Not sure how this helps. Olympic events already have relative rating systems that ranks all the participant: pretty complicated and sport dependent systems that determine qualification for the games and competition amongst all the competitors at the games. The problem how to have separate competitions for different groups of participants when there isn't a universally shared agreement on who should be in which group.
If you have a relative skill rating system, then there's no need to split competitors into groups. But if you insist, then you can split them based on skill ratings (define a rating range for beginner, intermediate, advanced, etc).

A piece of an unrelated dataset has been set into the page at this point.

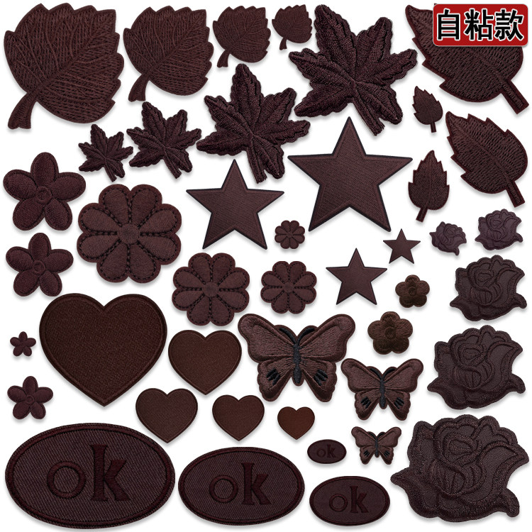 大小号自粘深咖色刺绣贴花补丁贴布贴衣服羽绒服裤子补破洞图案贴

And for games with one-on-one matchups, sampling from a gaussian centered on each player's skill rating is good enough.
It doesn't.In tennis a 14 UTR whatever wins against a 13 UTR whatever. UTR is your effectiveness rating against every other player. Same in chess with ELO.
The issue is woman would disappear from profesional sports. Sinners 16.27 rating means that he double bagels Sabalenkas 13.29 essentially 100% of the time. The 500th ATP player has a UTR of 13.81, half a point is quite a bit stronger, do he's still very much stronger than Sabalenka. You probably have to start looking well into the thousand somethings for something that is consisently beaten by her.

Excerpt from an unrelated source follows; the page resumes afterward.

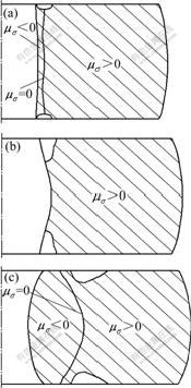 由图6(a)可以看到,当摩擦因子较小时变形体内的材料均能满足塑性屈服条件而发生变形,各处材料的应变类型为均一的压缩类,即沿轴向呈缩短而沿环向和径向呈伸长趋势;随着摩擦因子的增大,内壁角部出现小部分难变形的区域(见图6(b)),靠近圆环内侧的小段距离内罗德系数为负值分布,由此可知,该区内材料所处应变类型为伸长类,即沿径向呈伸长而沿轴向和环向呈缩短趋势;当摩擦因子继续增大时(见图6(b)),罗德系数零值线及难变形区的位置均向外发生了偏移,即处于伸长类材料的范围相对扩大而处于压缩类变形的区域则相对缩小。

Only the top 200 players make money, the top 100 good money, and the top 50 ridiculous money.
So women would not be in something like top 2000 of tennis players or worse. Which would basically remove any incentive for women to participate in pro tennis at all.
I don't get how you can compare Sinner's UTR against Sabalenka's when they're based to two disparate group scores? Doesn't there need to be at least a modicum of cross-pollination to make a meaningful comparison?

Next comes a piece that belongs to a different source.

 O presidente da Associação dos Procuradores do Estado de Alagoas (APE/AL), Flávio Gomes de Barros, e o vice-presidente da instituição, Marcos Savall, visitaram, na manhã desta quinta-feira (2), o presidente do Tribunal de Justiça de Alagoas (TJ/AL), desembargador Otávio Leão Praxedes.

There is some cross pollination. Women can play vs men, just usually don't. I'm fairly certain singles UTR is universal across players, it only distinguishes between doubles and singles UTR.
UTR can also include unranked games if one of the players submits a score and the other approves it.
Basically proving my point. Very few women in top chess. Currently there are 0 women in top 100 chess players. Only 3 women were ever in the top 100 chess players. And chess is not even a game where men have a natural advantage like in almost all of the physical sports.
I don't deny that there are very few women in top chess, but that wasn't your point. You said it would end up being all men at all the skill rating levels, which is not true. Take chess as an example: there are a lot more women at around 1500 elo than at 2500 elo. So if you host an intermediate-level tournament just for players around 1500 elo, plenty of women will participate.
The ratio of men to women who are at 1500 Elo in chess is like worse than 90:1, so no, you host an intermediate level tournament and it will be almost all men. Well, mostly boys but that’s current chess for you.
But it’s not just that. If there are no top women in any kind of leagues in chess, that will only further discourage women from participating competitively in chess in the first place.
Note that most competitive women chess players play in women’s only tournaments even though they can easily join open men’s tournaments as well. For various reasons, one being that these women’s only tournaments are where they have the best chance of winning or being in the top k for prizes.
The male-to-female ratio at 1500 elo is not 90:1, but more like 9:1. 10% is a visible minority.
But I see where our disagreement is. You think there ought to be more women in chess. I think different people can do different things, so women don't need to match men in every statistic and vice versa. If we open it up to universal participation and it turns out to be a male-dominated game, then let it be. I don't think there's anything wrong with that.
> I think different people can do different things, so women don't need to match men in every statistic and vice versa. If we open it up to universal participation and it turns out to be a male-dominated game, then let it be. I don't think there's anything wrong with that.
You don't have a say though, others want to see women play chess against each others and happily pay for and organize that event. Or do you want to make female only events illegal? As long as they are legal they will continue to be held.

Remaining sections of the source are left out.